__DATASET CONTENT__:

-- Opening Marker --

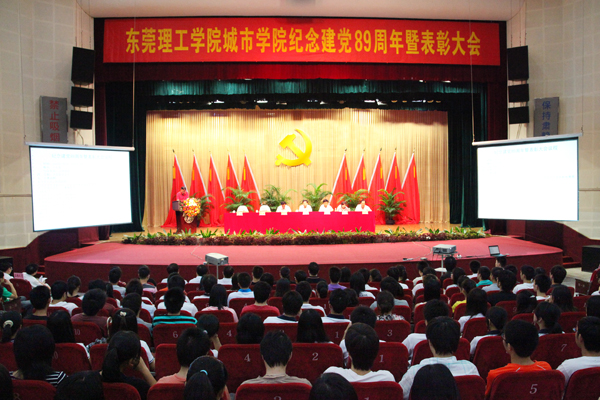 表彰大会会场250名新党员庄严宣誓领导为先进集体和优秀个人颁奖党委书记朱志德在大会上讲话优秀教师、学生共产党员代表发言 7月1日,中共东莞理工学院城市学院委员会召开党员大会,隆重纪念中国共产党建党89周年,表彰2009-2010学年度
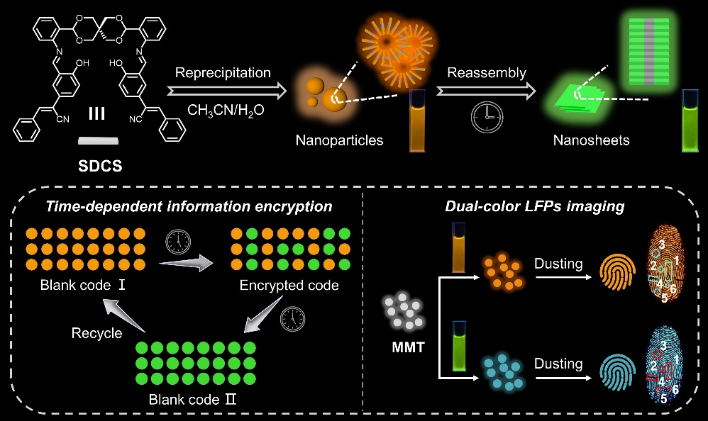 具有隨時(shí)間變化發(fā)光顏色的有機發(fā)光材料在化學(xué)傳感、高分辨率生物成像和高安全性信息加密等領(lǐng)域顯示出廣闊的應用前景?;诖?,研究組開(kāi)發(fā)了一種橋連的氰基苯乙烯衍生物SDCS作為CH3CN/H2O混合溶劑中的單一組分的時(shí)間依賴(lài)熒光系統。具體來(lái)說(shuō),通過(guò)再沉淀法從SDCS制備的原始橙色發(fā)光納米顆??梢栽诔肿幼越M裝的驅動(dòng)下隨著(zhù)時(shí)間的推移轉變?yōu)榫G色發(fā)光納米片。值得注意的是,這種轉化速率可以通過(guò)調整含水量來(lái)控制?;谶@些獨特的屬性,時(shí)變熒光二進(jìn)制碼被開(kāi)發(fā)出來(lái),從而實(shí)現了具有更高安全性的時(shí)間依賴(lài)信息加密。此外,SDCS的雙色發(fā)光可以通過(guò)固體基質(zhì)來(lái)獨立固定,如被固定在水凝膠或粉末中。其中被固定在蒙脫土中所得的發(fā)光粉末成功地用于潛指紋的雙色熒光成像。這項工作展示了利用超分子策略控制單組分系統中的多重發(fā)射性質(zhì)并賦予其多功能應用。相關(guān)工作以“Dynamic Time-Dependent Emission in Solution and Stable Dual Emission in Solid Matrix Exhibited by a Single-Component Fluorescence System”為題發(fā)表在國際材料科學(xué)權威雜志Advanced Functional Materials上(Adv. Funct. Mater.2024, doi: 10.1002/adfm.202314093. IF: 19.0)。
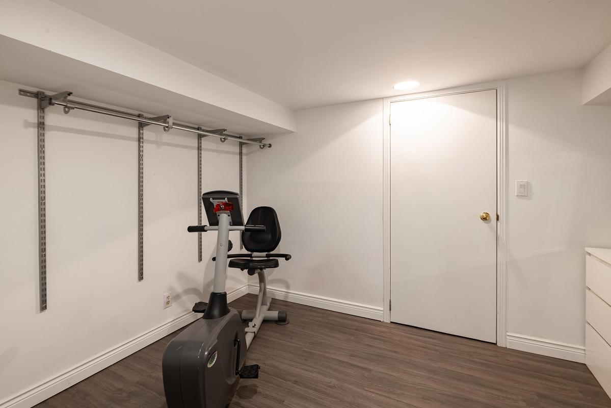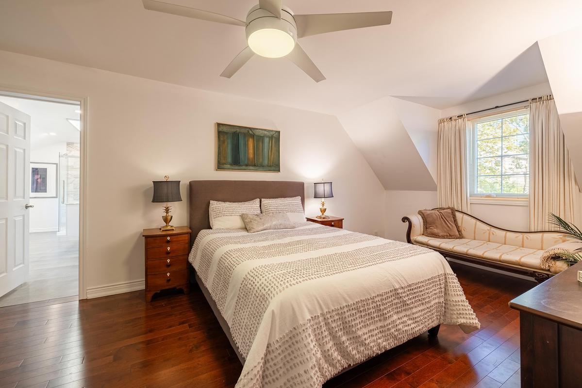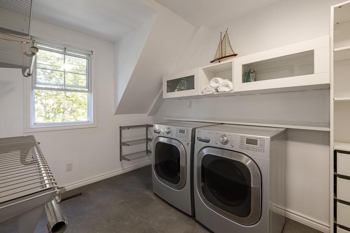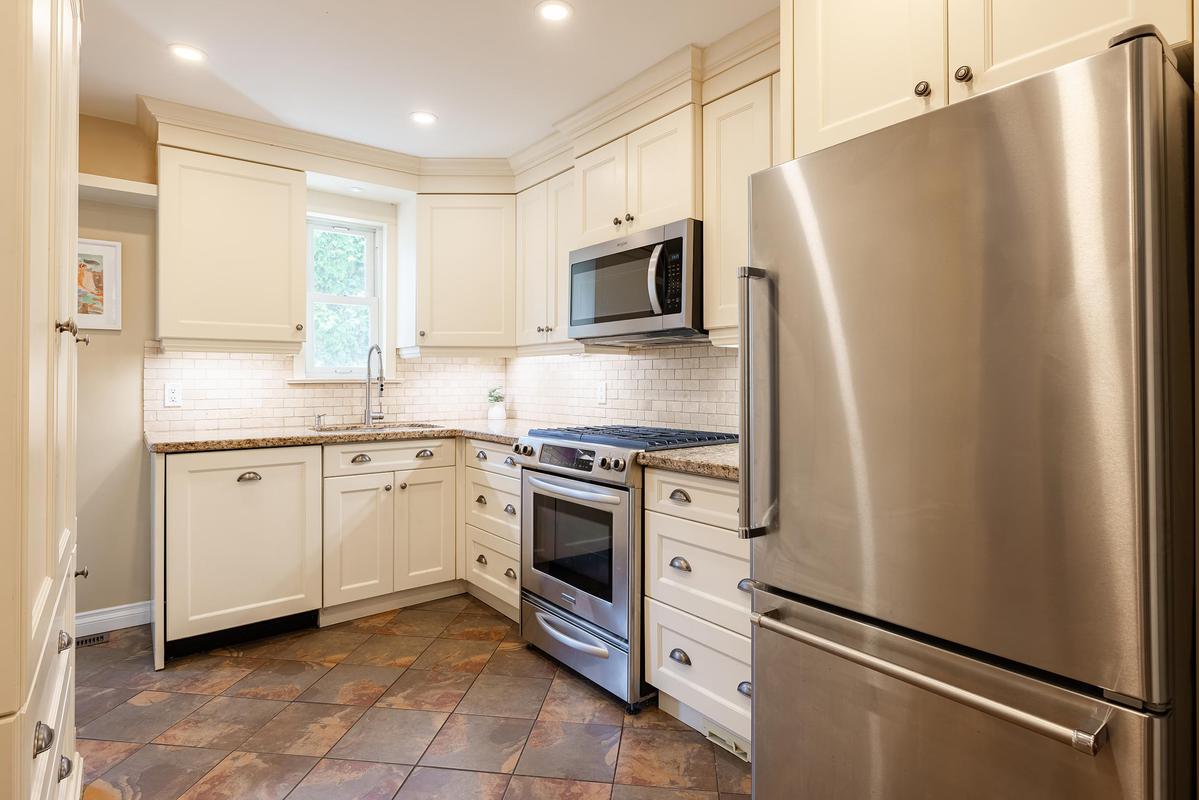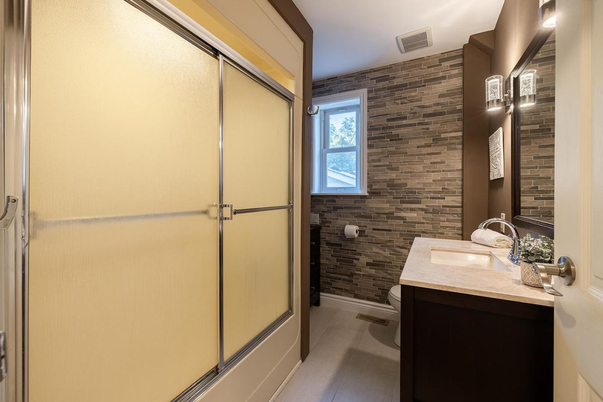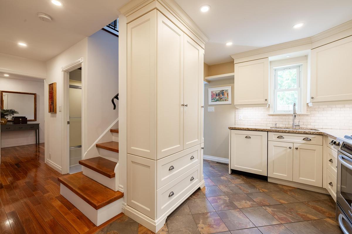 The lower level is bright and above grade, featuring a spacious recreation room with gas fireplace, a built-in wine cooler, powder room and two walkouts leading to the private, landscaped backyard framed by mature greenery.
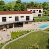 Im Garten gibt es einen beheizten Pool von 46 m2, eine Liegewiese, einen Loungebereich mit zentralem Kamin und drei Parkplätze (45 m2).

-- Closing Marker --

__TASK DETAILS__: What you give back should be the full material above, retyped exactly, with every image removed.

__PROBLEM SOLUTION__:
 表彰大会会场250名新党员庄严宣誓领导为先进集体和优秀个人颁奖党委书记朱志德在大会上讲话优秀教师、学生共产党员代表发言 7月1日,中共东莞理工学院城市学院委员会召开党员大会,隆重纪念中国共产党建党89周年,表彰2009-2010学年度
 具有隨時(shí)間變化發(fā)光顏色的有機發(fā)光材料在化學(xué)傳感、高分辨率生物成像和高安全性信息加密等領(lǐng)域顯示出廣闊的應用前景?;诖?,研究組開(kāi)發(fā)了一種橋連的氰基苯乙烯衍生物SDCS作為CH3CN/H2O混合溶劑中的單一組分的時(shí)間依賴(lài)熒光系統。具體來(lái)說(shuō),通過(guò)再沉淀法從SDCS制備的原始橙色發(fā)光納米顆??梢栽诔肿幼越M裝的驅動(dòng)下隨著(zhù)時(shí)間的推移轉變?yōu)榫G色發(fā)光納米片。值得注意的是,這種轉化速率可以通過(guò)調整含水量來(lái)控制?;谶@些獨特的屬性,時(shí)變熒光二進(jìn)制碼被開(kāi)發(fā)出來(lái),從而實(shí)現了具有更高安全性的時(shí)間依賴(lài)信息加密。此外,SDCS的雙色發(fā)光可以通過(guò)固體基質(zhì)來(lái)獨立固定,如被固定在水凝膠或粉末中。其中被固定在蒙脫土中所得的發(fā)光粉末成功地用于潛指紋的雙色熒光成像。這項工作展示了利用超分子策略控制單組分系統中的多重發(fā)射性質(zhì)并賦予其多功能應用。相關(guān)工作以“Dynamic Time-Dependent Emission in Solution and Stable Dual Emission in Solid Matrix Exhibited by a Single-Component Fluorescence System”為題發(fā)表在國際材料科學(xué)權威雜志Advanced Functional Materials上(Adv. Funct. Mater.2024, doi: 10.1002/adfm.202314093. IF: 19.0)。
 The lower level is bright and above grade, featuring a spacious recreation room with gas fireplace, a built-in wine cooler, powder room and two walkouts leading to the private, landscaped backyard framed by mature greenery.
 Im Garten gibt es einen beheizten Pool von 46 m2, eine Liegewiese, einen Loungebereich mit zentralem Kamin und drei Parkplätze (45 m2).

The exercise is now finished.